Demolition nears for burned west side of Gatesville courthouse square
Demolition is set to start on the burned west side of Gatesville’s square, with the first buildings targeted by June 15 and debris work stretching into July.

The burned west side of the Gatesville courthouse square is finally moving from a long cleanup phase to demolition, and the first wrecking work is expected to begin with the block that includes A Freedom Bail Bonds and The Gatesville Messenger. City Manager Brad Hunt said city officials have been meeting bi-weekly with property owners as they work through the permits, asbestos controls and access issues needed before crews can start.
The fire that set this in motion broke out about 6:50 p.m. Monday, March 16, on the southwest corner of the square near the Coryell County Sheriff’s Office. It burned into the morning of Tuesday, March 17, and the scene was still smoldering as late as March 24. The blaze destroyed or badly damaged Leaird’s Furniture, A Freedom Bail Bonds, The Gatesville Messenger and Davidson Chiropractic, leaving rubble, blackened walls and twisted steel beams in the middle of downtown Gatesville for months.

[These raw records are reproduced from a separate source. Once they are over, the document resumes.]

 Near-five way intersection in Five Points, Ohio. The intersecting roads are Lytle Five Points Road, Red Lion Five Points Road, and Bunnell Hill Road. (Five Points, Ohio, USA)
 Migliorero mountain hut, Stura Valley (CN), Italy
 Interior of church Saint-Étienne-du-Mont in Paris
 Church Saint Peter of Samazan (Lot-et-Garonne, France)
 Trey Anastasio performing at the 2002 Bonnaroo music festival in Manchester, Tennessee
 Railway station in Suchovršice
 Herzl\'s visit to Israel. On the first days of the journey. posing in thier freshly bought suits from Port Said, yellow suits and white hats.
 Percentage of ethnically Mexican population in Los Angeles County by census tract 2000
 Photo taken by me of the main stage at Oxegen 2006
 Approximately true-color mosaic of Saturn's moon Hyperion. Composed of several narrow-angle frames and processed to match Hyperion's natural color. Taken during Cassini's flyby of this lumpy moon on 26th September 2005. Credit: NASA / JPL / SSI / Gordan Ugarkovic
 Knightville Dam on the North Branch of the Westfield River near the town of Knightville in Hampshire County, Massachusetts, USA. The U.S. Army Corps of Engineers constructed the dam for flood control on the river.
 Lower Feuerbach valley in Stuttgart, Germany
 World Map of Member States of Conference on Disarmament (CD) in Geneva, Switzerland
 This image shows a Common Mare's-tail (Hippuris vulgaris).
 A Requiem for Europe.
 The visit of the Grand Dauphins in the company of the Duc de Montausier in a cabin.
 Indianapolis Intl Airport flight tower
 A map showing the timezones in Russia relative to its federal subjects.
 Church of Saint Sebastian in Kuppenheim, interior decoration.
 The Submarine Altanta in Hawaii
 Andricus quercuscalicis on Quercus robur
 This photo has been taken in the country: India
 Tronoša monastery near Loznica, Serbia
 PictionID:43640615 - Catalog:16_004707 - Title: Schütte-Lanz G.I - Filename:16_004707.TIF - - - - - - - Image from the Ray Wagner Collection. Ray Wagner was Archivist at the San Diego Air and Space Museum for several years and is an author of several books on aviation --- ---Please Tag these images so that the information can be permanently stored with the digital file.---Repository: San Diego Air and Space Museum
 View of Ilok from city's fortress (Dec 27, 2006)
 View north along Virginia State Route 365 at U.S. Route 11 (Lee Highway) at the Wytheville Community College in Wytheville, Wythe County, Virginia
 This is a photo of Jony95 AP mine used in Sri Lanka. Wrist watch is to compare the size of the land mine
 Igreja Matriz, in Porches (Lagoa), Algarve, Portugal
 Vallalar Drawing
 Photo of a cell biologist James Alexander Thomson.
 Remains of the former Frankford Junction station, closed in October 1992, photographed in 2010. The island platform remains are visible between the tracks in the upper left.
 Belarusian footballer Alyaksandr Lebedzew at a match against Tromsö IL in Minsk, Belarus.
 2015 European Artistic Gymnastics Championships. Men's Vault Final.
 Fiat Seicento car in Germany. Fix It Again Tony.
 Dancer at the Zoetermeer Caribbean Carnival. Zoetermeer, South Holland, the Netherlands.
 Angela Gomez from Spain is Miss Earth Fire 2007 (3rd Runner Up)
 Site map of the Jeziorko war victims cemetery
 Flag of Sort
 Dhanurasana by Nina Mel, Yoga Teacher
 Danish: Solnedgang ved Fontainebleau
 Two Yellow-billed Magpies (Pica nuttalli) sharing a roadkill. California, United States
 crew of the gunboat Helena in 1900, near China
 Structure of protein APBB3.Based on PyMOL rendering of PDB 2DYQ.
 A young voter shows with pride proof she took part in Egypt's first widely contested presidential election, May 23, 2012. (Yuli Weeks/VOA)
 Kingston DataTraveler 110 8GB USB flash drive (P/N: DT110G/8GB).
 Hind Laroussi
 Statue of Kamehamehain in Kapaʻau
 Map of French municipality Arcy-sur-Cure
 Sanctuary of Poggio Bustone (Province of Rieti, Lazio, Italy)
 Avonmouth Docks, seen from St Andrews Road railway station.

The cleanup is not a simple teardown. Hunt said asbestos in some of the buildings means the job must be handled as a wet demolition, with water used to control dust and air quality. Each property owner will pay for demolition on their own building, and the city will not choose the contractor. Crews also will need state permits, city demolition permits and water-meter access from nearby hydrants, while runoff and debris disposal will have to follow state rules. Hunt said landfill options may include Temple or Itasca.
If the schedule holds, work on the A Freedom Bail Bonds building and The Gatesville Messenger structure could begin June 15 and wrap by July 1. Leaird’s demolition would follow after July 4 or in mid-July, depending on how the rest of the project moves. That means the west side of the square will stay disrupted for weeks longer, with closures, noise and hauling traffic continuing while crews handle unstable walls and remove debris.

The stakes run beyond the block itself. Coryell County Judge Roger A. Miller signed a local disaster declaration on March 17, and the county later extended it because recovery operations were still straining county and city resources. The Gatesville Downtown Historic District was also listed in the National Register of Historic Places in March 2026, covering 12 blocks and 87 resources. With the courthouse, built in 1897-98, still at the center of the square, demolition now marks the first real step toward deciding whether the heart of downtown Gatesville can be rebuilt quickly or whether the fire’s aftermath will keep shaping the square for months more.